The peculiarities of each cell line’s personality also provide an argument in favor of creating new stem cell lines to study, Kessler said.
“Things that will affect cells from one person may not affect cells from another person the same way,” Kessler said. “We really have to understand: What are some of the signaling mechanisms that cross backgrounds? So we need a diversity of cell lines.”
Unless frozen, stem cell lines are continuously growing. They grow in round colonies of identical cells. Researchers duplicate a colony by moving it to another dish, breaking it into smaller clusters and allowing those clusters to continue to grow. This is called “passaging.”
Researchers are interested in newer cell lines because with each passage, a cell line risks developing abnormalities.
“The ones that we’re working with now are at, like, 56 passages,” Bissonnette said. “A whole lot could’ve happened in those 56 passages to change what they could become.”
To make sure the lines haven't been damaged, Kessler’s lab has them screened for defects about once a month, at a cost of about $400.
Growing stem cells
Once you get a stem cell line growing, it’s about as much work as raising a puppy.
“There are times that I’ve worked seven days a week for six months at a time,” Bissonnette said, “because once you’re doing experiments, you can’t stop them.
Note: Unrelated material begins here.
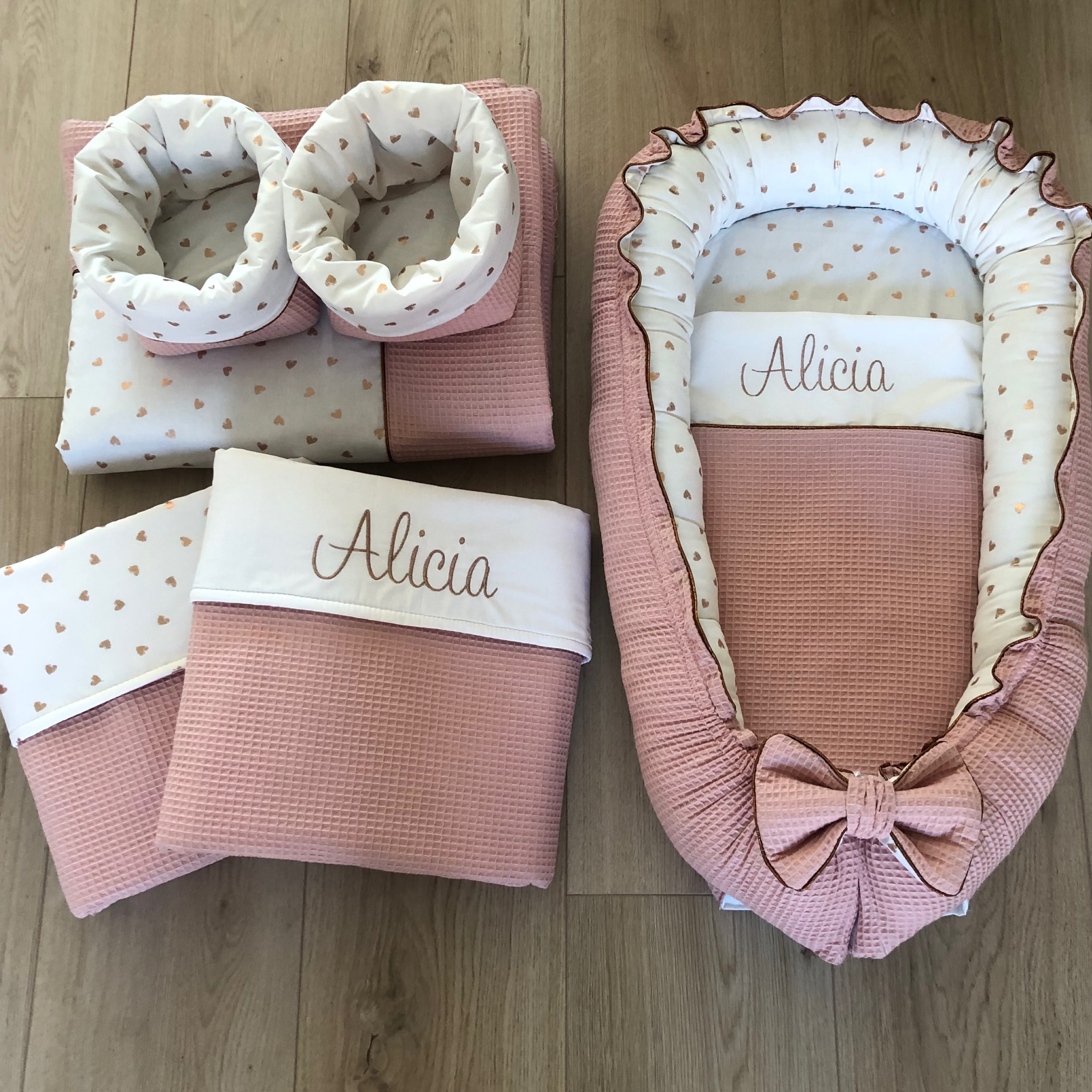 Voor deze set heeft u keuze uit diverse kleurtjes wafelstof, luxe printjes de producten worden afgewerkt met biesje naar keuze uit de dropdown menu, heeft u een bepaald printje in gedachten mail ons gerust voor de mogelijkheden

You can’t go away for the weekend or take a break because these things need to be fed. Every single day.”
Kessler hired scientist Ljuba Lyass to cultivate the four stem cell lines in his lab. It’s a full-time job.
“Stem cells are very hard to grow,” Lyass said. “They’re not like other tissue culture cells. They’re more picky.”
Each line has its own preference for the kind of media in which it will grow, but the general recipe includes artificial protein, salt, sugar and growth factors that signal to the cells not to differentiate, that is, become other kinds of cells.
The first stem cell lines, including those created before Aug. 9, 2001, were grown on mouse feeder cells. These feeder cells are minced and treated embryonic mouse cells that secrete growth factors into the media, “which makes it tasty for human cells,” Lyass said.
Many lines still survive on this diet.
“You always have to have those mouse cells growing,” Lyass said. “That feeder’s only good for two weeks. And then you have to start all over again.”
Last year, Lyass started buying small quantities of a newly developed artificial medium that can replace the mouse feeder cells. The artificial medium costs $250 or more per bottle, whereas the medium that requires mouse feeder cells costs between $12 and $15, she said.
“I would’ve probably never even tried to buy it because it’s so expensive,” Lyass said. “But I saw how the cells look on that media, and I already knew it was a great thing… They don’t differentiate at all. They look very pretty, easy to maintain.”
Researchers do not know whether interaction with mouse cells has affected the validity of studies of human stem cell lines, Kessler said. But he would prefer to use lines that have not been in contact with animal cells.
“If we had a different federal policy, then I would’ve in an eye blink used some of the newer cell lines in the projects that are ongoing in the lab,” Kessler said. “I don’t think that in the long term it’s possible for this field to not study new lines.”
Whatever next inhabits “stem cell land” may depend on whoever next inhabits the White House.